The Egyptologist by Arthur Phillips

The only book that I can compare The Egyptologist to would be one of my other all-time favorites, The Prestige. Both of these books are supremely well-executed exercises in the unreliable narrator. As with The Prestige, The Egyptologist consists entirely of either journal entries or letters written to and from the main characters of the novel. This lack of knowledge given to the reader ends up making the entire novel a crazy thrill-ride where you, the reader, are called upon to make your own judgments about what is really happening. There is no simple point in the book where some omniscient narrator tells you what happened. There are at least two people constantly telling you different versions of the same story, and you are left wondering who to believe.

Ralph Trilipush is an aspiring archaeologist with a sordid, mysterious past. Ralph is the discoverer of what appears to be ancient Egyptian pornography: The Admonitions of Atum-hadu. Atum-hadu is thought to be a pharaoh that never existed, but Ralph isn’t so sure that he wasn’t a real king. So Ralph sets out to Egypt to uncover the tomb of Atum-hadu. Meanwhile, back in Boston where Ralph’s fiancee and creditors are waiting for him, Harry Ferrell, a private detective who came on to this case through an entirely different case, is starting to suspect Trilipush of foul play, and voices his concerns to involved parties, which starts a chain of events leading to a mind-blowing conclusion.

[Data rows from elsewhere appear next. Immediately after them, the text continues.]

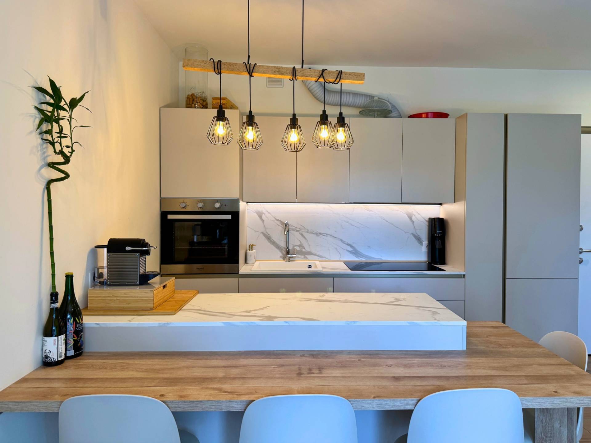 La casa viene venduta arredata ad eccezione di qualche mobilio, rimane la stupenda cucina con penisola, dotata di seduta per 4 sedie, top in effetto marmo e led incorporati.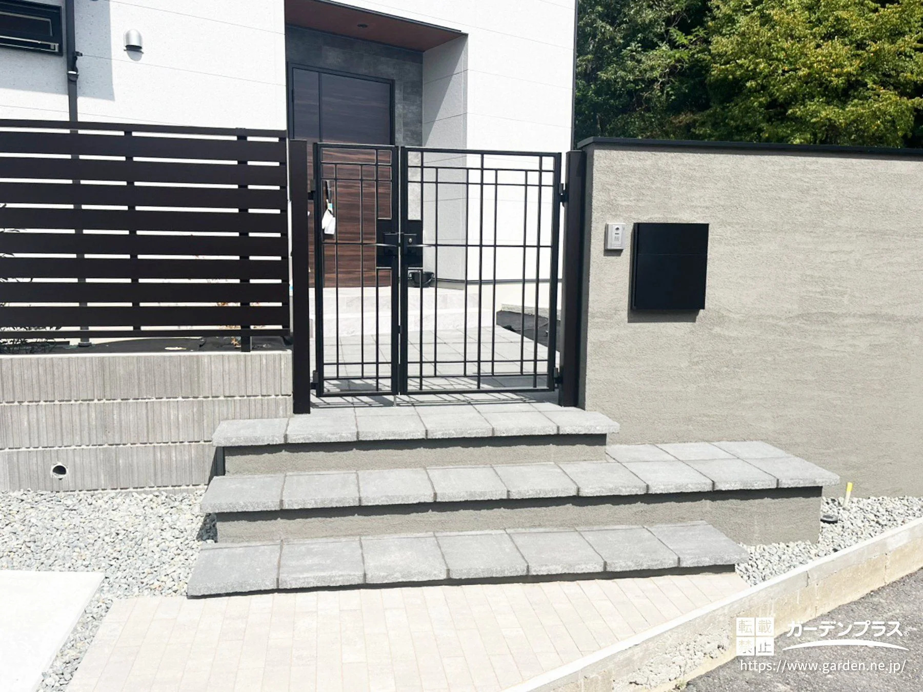 落ち着いた門まわりを演出する、グレー基調のクローズ外構
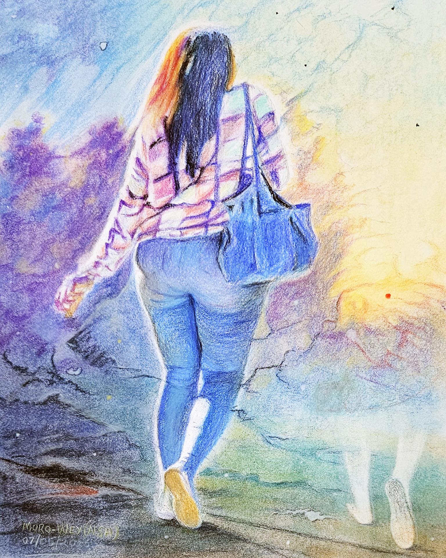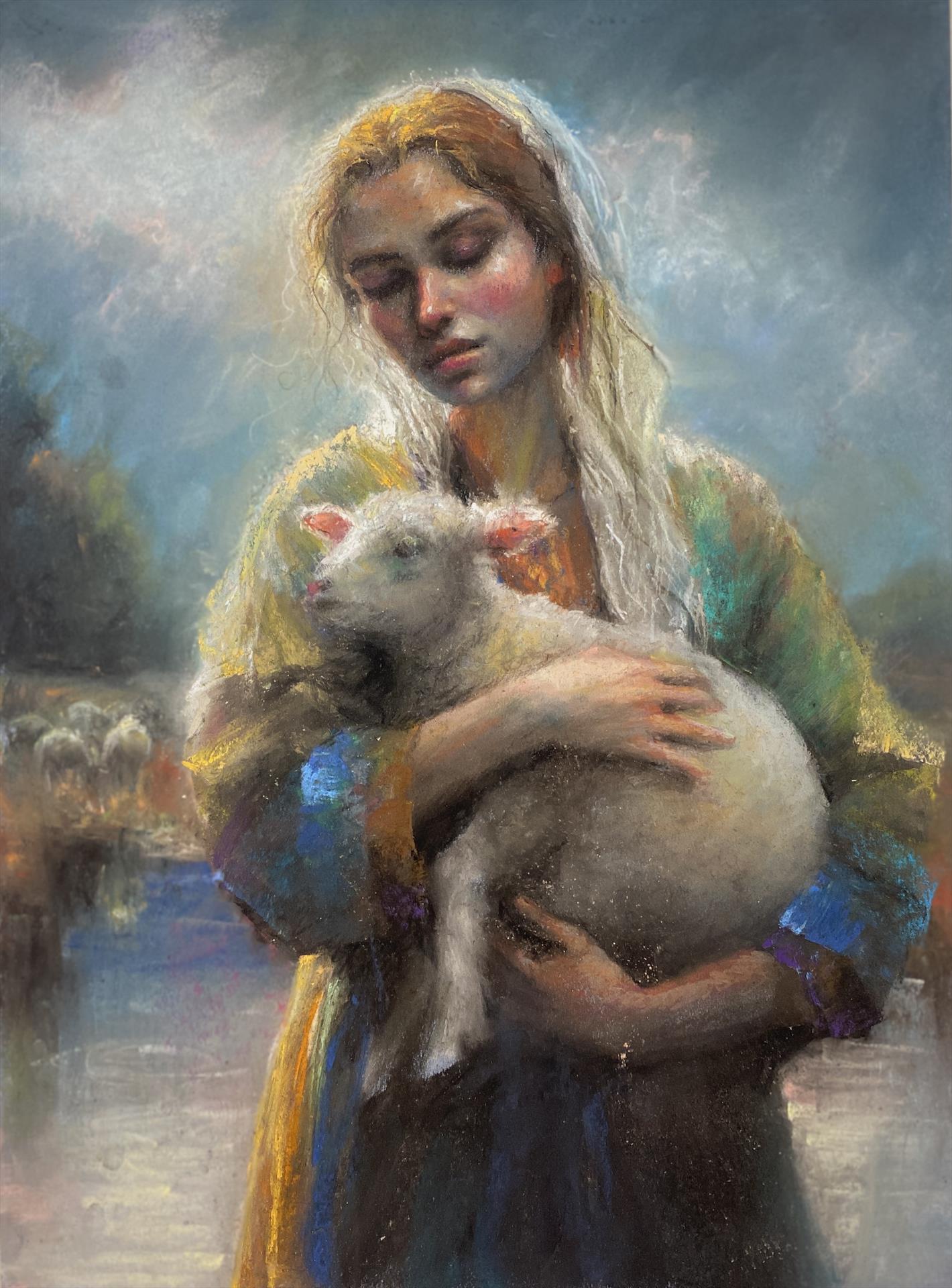 Love the spot of light on the shoulder; lots of emotion and tenderness in the subject matter. It’s amazing that someone (with just pastels) can pull out the type of emotion that this painting does. The overall color is very muted with small flashes of bright color that maintains the mood of the painting.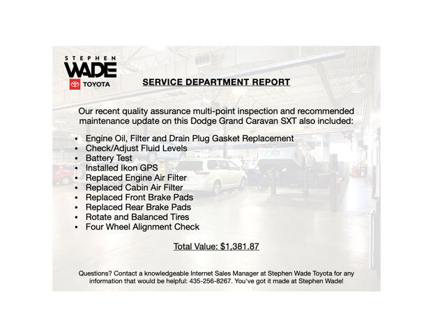CLEAN CARFAX. 2017 Dodge Grand Caravan SXT in White Knuckle Clear-Coat with Black / Light Graystone Leather and Suede. 3.6L V6 24-Valve VVT Engine, 6-Speed Automatic 62TW Transmission.Odometer is 9,504 miles below market average.CALL STEPHEN WADE TOYOTA: 435-241-3828.Customer Preferred Package 29P;Uconnect Hands-Free Group,Uconnect Voice Command with Bluetooth,Bluetooth Streaming Audio,Leather-Wrapped Steering Wheel,Leather-Wrapped Shift Knob,Auto-Dimming Rear View Mirror w/Microphone,Remote USB Port,SiriusXM Satellite Radio,Premium Interior Accents,Bright Side Roof Rails,Integrated Roof Rail Crossbars,Bright Belt Moldings,Automatic Headlamps,Fog Lamps,Power 8-Way Driver Seat,Power 2-Way Driver Lumbar Adjust,Remote Start System,Security Alarm,Black Finish Instrument Panel Bezel,Highline Door Trim Panel.Compact Spare Tire.Flex Fuel Vehicle.SERVICE REPORT: At Stephen Wade Toyota, we do more to insure we offer the most mechanically sound pre-owned vehicles with maintenance that is up to date. Our recent quality assurance multi-point inspection and recommended maintenance update on this Dodge Grand Caravan SXT also included an engine oil, filter and drain plug gasket replacement, check/adjust fluid levels, battery test, installed Ikon GPS, replaced engine air filter, replaced cabin air filter, replaced front brake pads, replaced rear brake pads, rotate and balanced tires and a four wheel alignment check - a $1,381.87 value.MARKET REPORT: We use advanced software to shop the automotive marketplace nationwide everyday. This allows us to competitively offer you the best value one can find anywhere. Contact our knowledgeable Internet sales managers; Danny, Jessica or Wesley at Stephen Wade Toyota for a priority test drive, or for any information that would be helpful: 435-241-3828. You've got it made at Stephen Wade!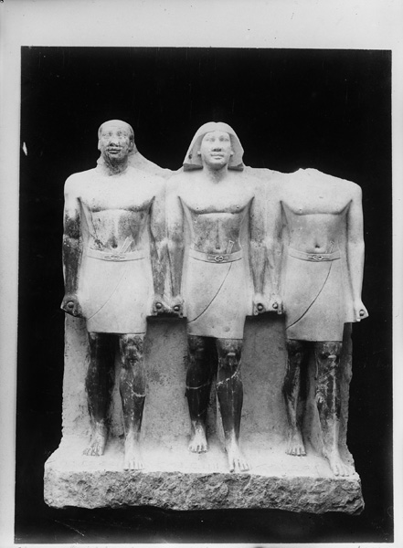 Limestone triad of [GLYPHS] Penmeru from G 2197, serdab N (front): MFA 12.1504 (rephotograph of A686)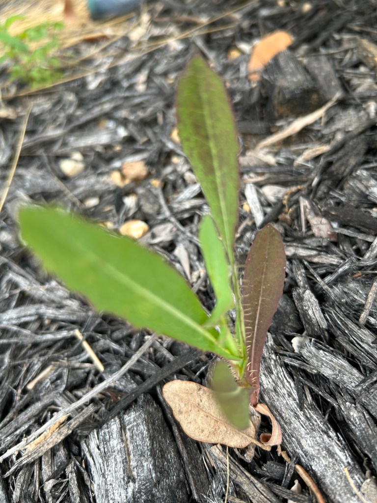 The plants that I have here are only a few inches tall, but supposedly they can grow up to 6 feet. There are fine spines along leaf edges and veins on the underside (see photo above), which is primarily how I am identifying them at this young stage. The stems and leaves emit a latex when cut.

The Egyptologist is truly everything one could want in a novel. Great characters, interesting plot and great writing. Throughout the entire book, Phillips maintains a darkly comic tone to all these events, especially in the journals of Ralph Trilipush. But once the reader reaches the final climax of the book, the last 40 pages are some of the spookiest, most disturbing that I have ever read.